Your instructions:
Before you return the lines below, strip out any images and keep every word as written.

Input data:
────

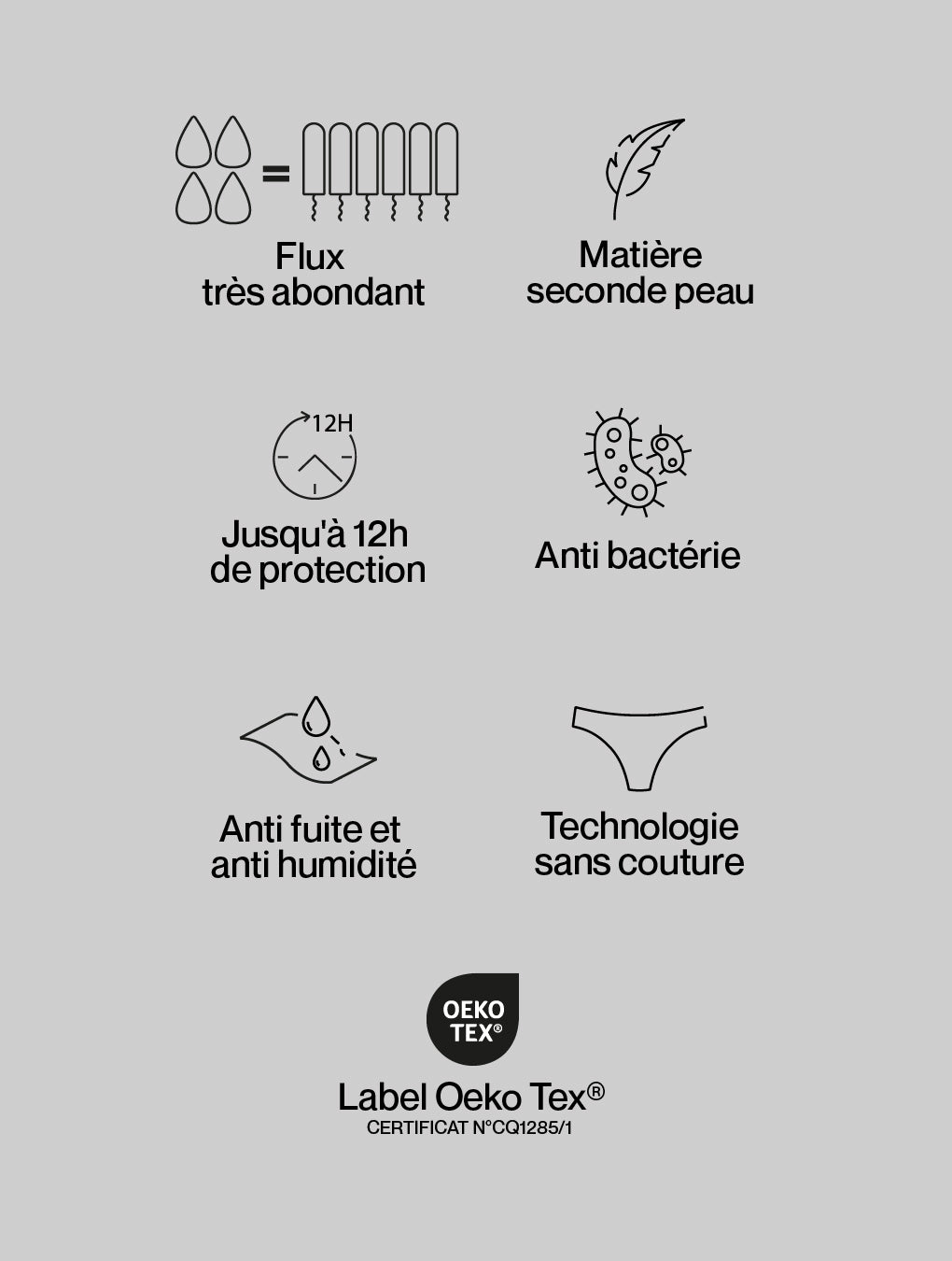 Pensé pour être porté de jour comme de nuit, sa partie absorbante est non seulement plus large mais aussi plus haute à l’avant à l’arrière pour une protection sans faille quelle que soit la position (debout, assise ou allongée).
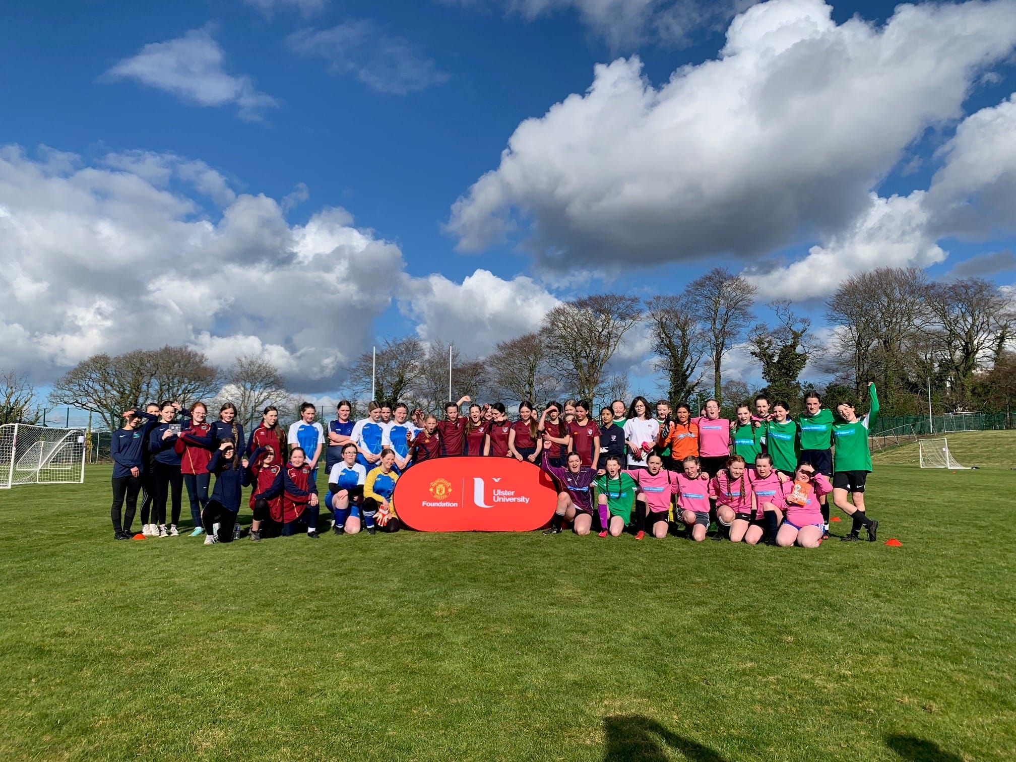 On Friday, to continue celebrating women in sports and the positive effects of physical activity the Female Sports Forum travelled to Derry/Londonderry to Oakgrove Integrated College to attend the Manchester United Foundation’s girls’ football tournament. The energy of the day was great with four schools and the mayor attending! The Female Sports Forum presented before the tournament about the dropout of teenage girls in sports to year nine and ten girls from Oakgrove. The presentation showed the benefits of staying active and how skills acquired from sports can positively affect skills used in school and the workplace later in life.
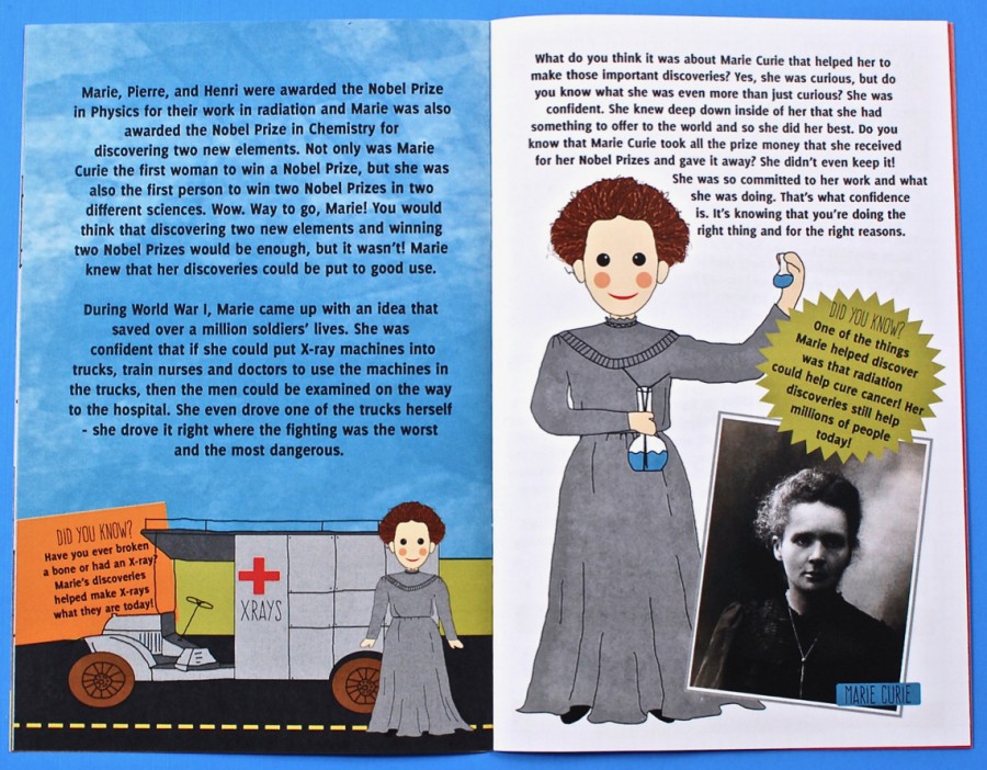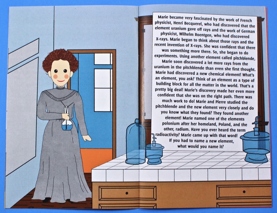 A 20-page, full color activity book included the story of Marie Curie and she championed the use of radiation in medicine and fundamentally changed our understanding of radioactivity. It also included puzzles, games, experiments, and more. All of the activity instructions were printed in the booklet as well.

────

Task response:
 Pensé pour être porté de jour comme de nuit, sa partie absorbante est non seulement plus large mais aussi plus haute à l’avant à l’arrière pour une protection sans faille quelle que soit la position (debout, assise ou allongée).
 On Friday, to continue celebrating women in sports and the positive effects of physical activity the Female Sports Forum travelled to Derry/Londonderry to Oakgrove Integrated College to attend the Manchester United Foundation’s girls’ football tournament. The energy of the day was great with four schools and the mayor attending! The Female Sports Forum presented before the tournament about the dropout of teenage girls in sports to year nine and ten girls from Oakgrove. The presentation showed the benefits of staying active and how skills acquired from sports can positively affect skills used in school and the workplace later in life.
 A 20-page, full color activity book included the story of Marie Curie and she championed the use of radiation in medicine and fundamentally changed our understanding of radioactivity. It also included puzzles, games, experiments, and more. All of the activity instructions were printed in the booklet as well.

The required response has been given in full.